### GIVEN DATA
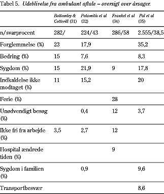 Hovedparten af de fundne undersøgelser under dette emne er foretaget på egentlige hospitalsambulatorier. Udeblivelsesprocenten svinger i disse undersøgelser mellem 5,3 og 29 (29-33), og årsagerne til udeblivelser fremgår af Tabel 5.Lloyd et al viste i en engelsk spørgeskemaundersøgelse på en medicinsk afdeling (n = 1.492), at hverken sygdommens natur, alvorlighed eller varighed havde relation til udeblivelse. Patienter, som ikke eller kun delvist havde diskuteret sygdommen med deres praktiserende læge, var mindre tilbøjelige til at udeblive (30). Frankel et al viste i et casekontrolstudie af udeblivelser ved første besøg på seks forskellige hospitalsambulatorier (n = 274), at gennemsnitsalderen på udeblevne patienter var signifikant lavere end på fremmødte patienter, og at udeblevne patienter havde modtaget besked om besøget signifikant senere (34). Read et al redegør som de eneste for udvælgelse, frafald mv. i forbindelse med intervention over for udeblivelser. I det pågældende ambulatorium indførte man, at patienten selv skulle ringe for at få en tid som passede - udeblivelsesprocenten var 2,5% blandt de patienter, som ringede (n = 769), mod 10-11% tidligere (36). Hamilton et al undersøgte i en engelsk undersøgelse (n = 1.861, styrke Ib) effekten af, at patienten fik tilsendt en kopi af henvisningen til ambulatoriet. Der var ingen forskel på udeblivelsesprocenten før og efter ændringen (5,3 vs. 5,5) (33). Som nævnt under kontinuitet, mindskede Poland andelen af udeblivelser fra 26,5% til 11,5% ved den ikkelægelige prænatale kontrol ved at indføre kontinuitet blandt de konsulterede behandlere (n = 78) (6).
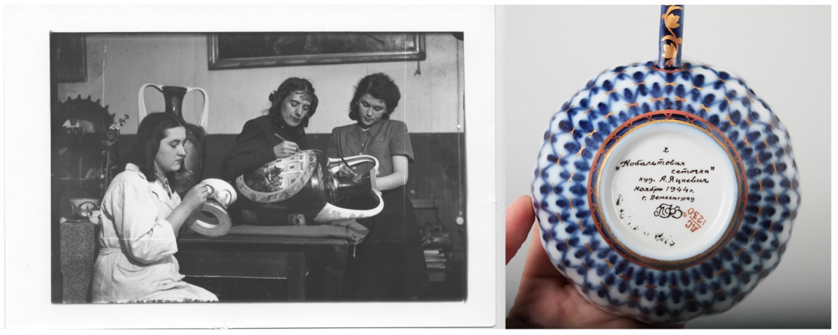 Еще один факт, связанный с Ломоносовским заводом: кобальтовая сетка – символ этого завода. Она была изобретена в 1943 году во время блокады (Прим.: Художница Анна Яцкевич, автор знаменитого синего логотипа ЛФЗ, расписала сеточкой сервиз скульптора Серафимы Яковлевой в память о заклеенных крест-накрест окнах домов и перекрестном свете прожекторов, освещавших небо блокадного Ленинграда).
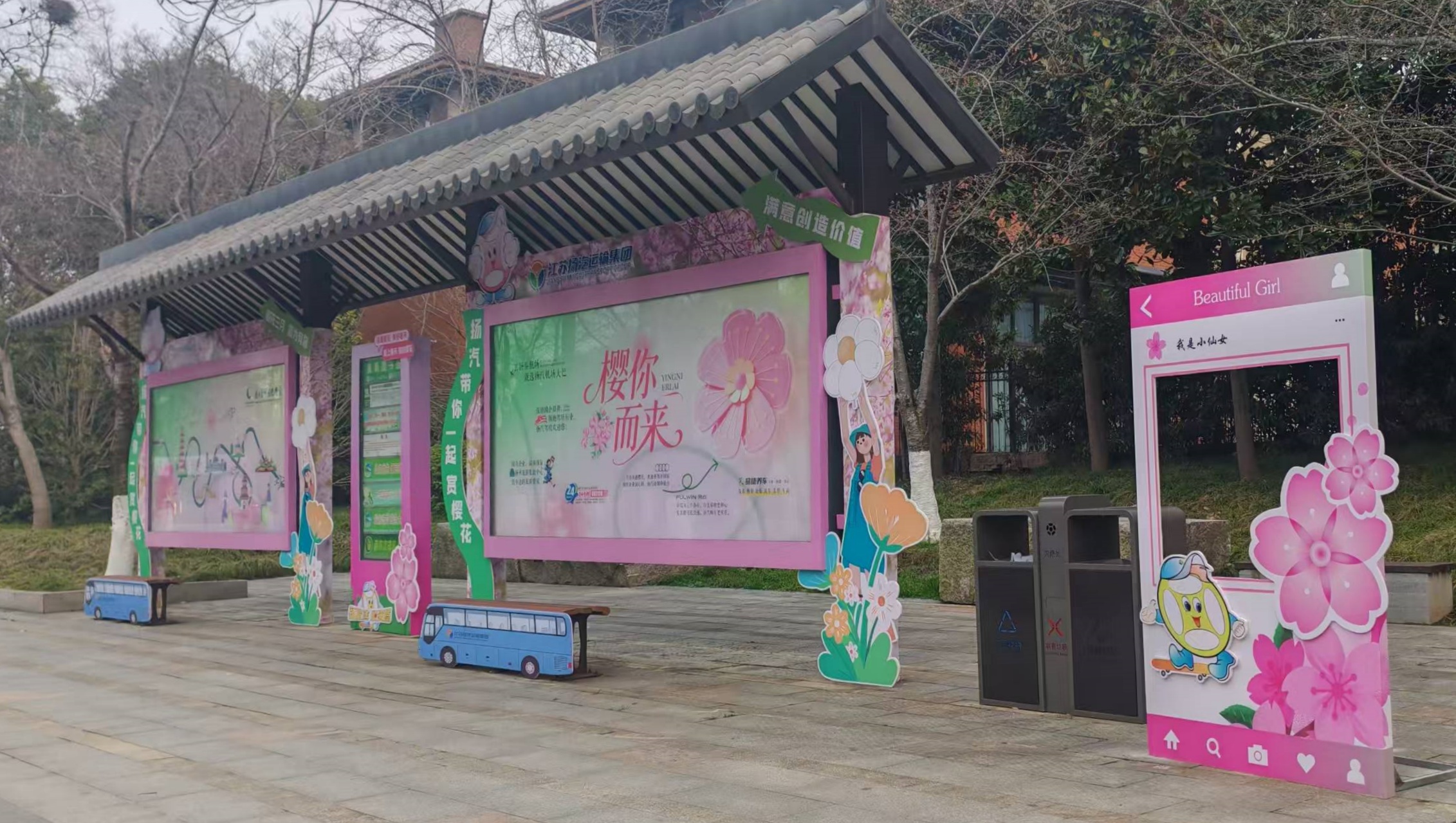 本次活動緊扣“櫻運(yùn)而生·2026鑒真櫻花季”主題,圍繞“賞櫻專線+站臺煥新+品牌聯(lián)動”三條主線展開。鑒真路櫻花大道是賞櫻核心區(qū),揚(yáng)汽集團(tuán)在此進(jìn)行了全面視覺改造:以粉白櫻花為主色調(diào),融入揚(yáng)州文化元素,配以“煙花三月,櫻為有你”“揚(yáng)汽帶你一起賞櫻花”等暖心標(biāo)語,使宣傳點(diǎn)兼具實(shí)用與觀賞功能,成為市民游客爭相拍照的“打卡點(diǎn)”。

### PROBLEM DESCRIPTION
Lines from the one with "Еще один факт, связанный" through the final line of the listing above: copy them exactly, both ends included, and omit every picture.

### SOLUTION FOR THIS PROBLEM
 Еще один факт, связанный с Ломоносовским заводом: кобальтовая сетка – символ этого завода. Она была изобретена в 1943 году во время блокады (Прим.: Художница Анна Яцкевич, автор знаменитого синего логотипа ЛФЗ, расписала сеточкой сервиз скульптора Серафимы Яковлевой в память о заклеенных крест-накрест окнах домов и перекрестном свете прожекторов, освещавших небо блокадного Ленинграда).
 本次活動緊扣“櫻運(yùn)而生·2026鑒真櫻花季”主題,圍繞“賞櫻專線+站臺煥新+品牌聯(lián)動”三條主線展開。鑒真路櫻花大道是賞櫻核心區(qū),揚(yáng)汽集團(tuán)在此進(jìn)行了全面視覺改造:以粉白櫻花為主色調(diào),融入揚(yáng)州文化元素,配以“煙花三月,櫻為有你”“揚(yáng)汽帶你一起賞櫻花”等暖心標(biāo)語,使宣傳點(diǎn)兼具實(shí)用與觀賞功能,成為市民游客爭相拍照的“打卡點(diǎn)”。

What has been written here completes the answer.